In looking at adoption of the Firefox Do Not Track (DNT) setting over the past two months, more than three times as many of our users have turned on DNT in Firefox Mobile than on desktop versions of Firefox.* The percentage is just over 17% on Firefox Mobile, compared with 5.6% on Firefox.
We don’t know the exact reason behind the higher adoption rate for DNT of our users in Firefox Mobile. It may be that people seeking alternative browsers to the default ones on Android devices are more technically savvy and likely to tweak settings than other users. Or it may reflect that the settings UI is stripped down with all the settings appearing on one pane, versus multiple tabs within the desktop preferences window. It could also be that people have increased concerns over privacy and tracking on mobile devices.
By way of background, Firefox Mobile is the only mobile browser that includes DNT today. We implemented the same Do Not Track privacy setting in Firefox Mobile for Android that became available to our desktop users at the beginning of the year. Firefox Mobile users enable the DNT setting in the settings pane and flipping on the “tell sites not to track me” switch. Once on, the mobile browser sends an HTTP header that reads DNT:1 to all first and third parties involved in any particular session.

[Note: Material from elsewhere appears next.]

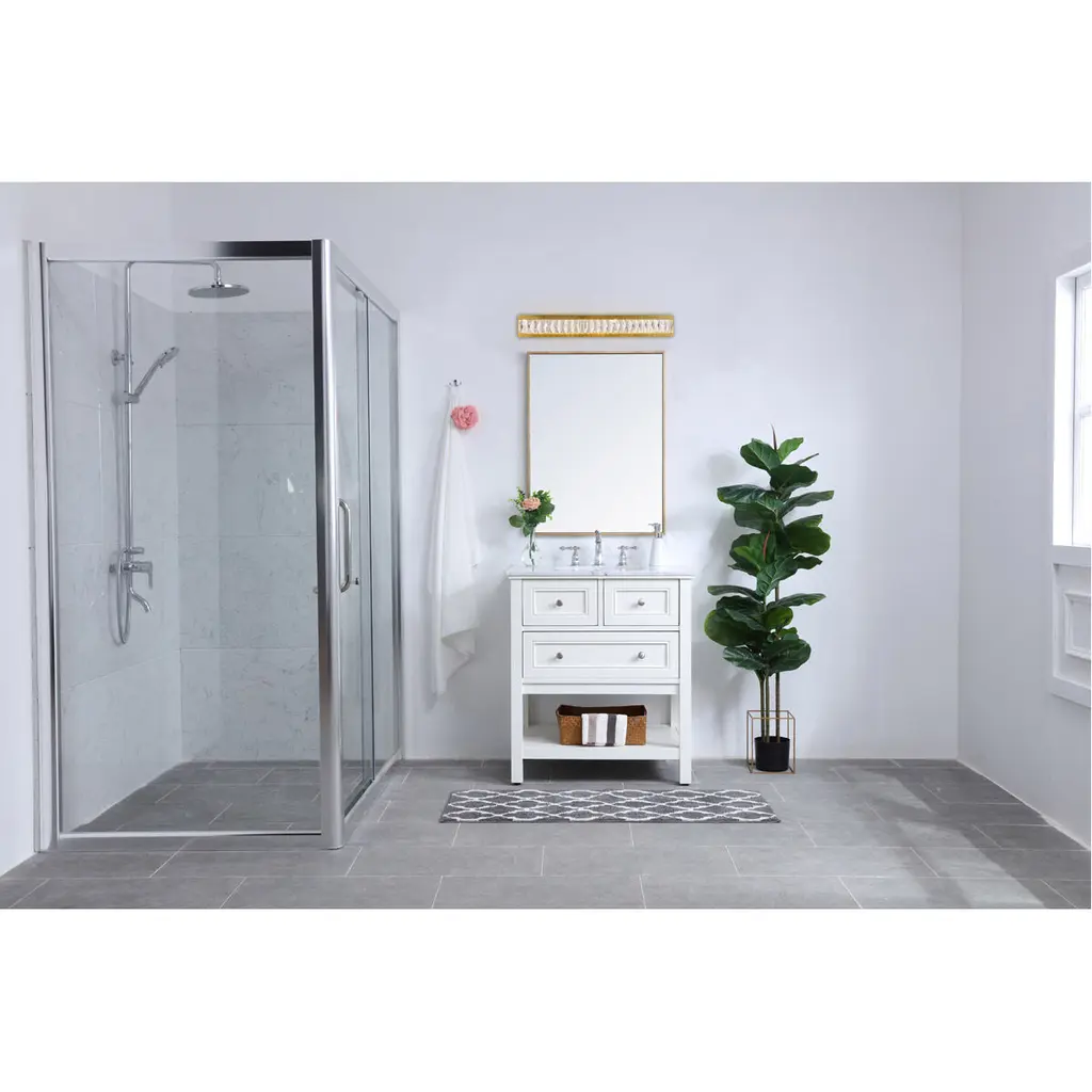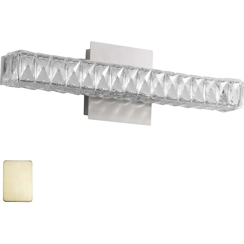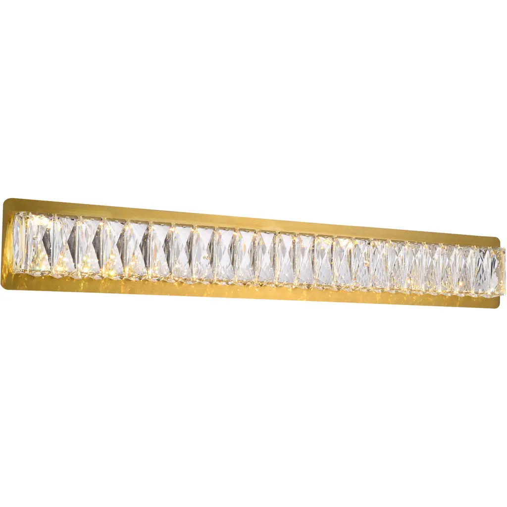 Monroe collection wall sconces dress up a bathroom, office, or bedroom without overwhelming the surrounding décor. A rectangular stainless-steel frame and backplate would seem austere if it weren’t covered by a row of shining rectangular royal-cut clear crystals. The gold-finished backplate is polished to a mirror shine and reflects the glittering crystals for additional sparkle. Available in three size options with a sleek gold finish that completes this modern look.

With users increasingly browsing the web on mobile devices, we need to ensure that any DNT system works in browsers on both desktop and mobile devices, as well as on mobile apps used to access content, services and games on the Internet. It’s important to point out that DNT on a mobile browser doesn’t control how other apps installed on a device operate. This is an area where DNT still needs much more thought, otherwise we create a privacy system that is incomplete and doesn’t fully reflect the ways in which we access the Internet today. I’m also concerned about app-level DNT settings, should they emerge, where users end up having to enable and re-enable DNT from app to app. Perhaps DNT should be an OS-level setting. More work within the mobile industry is definitely required here.
Alex Fowler
*We don’t track users to determine these percentages. These stats reflect aggregate counts that we generate from recording the daily numbers of HTTP headers we receive that include DNT. Any well trafficked site can record these stats, including being able to also count the number of users with DNT enabled via Safari and IE9.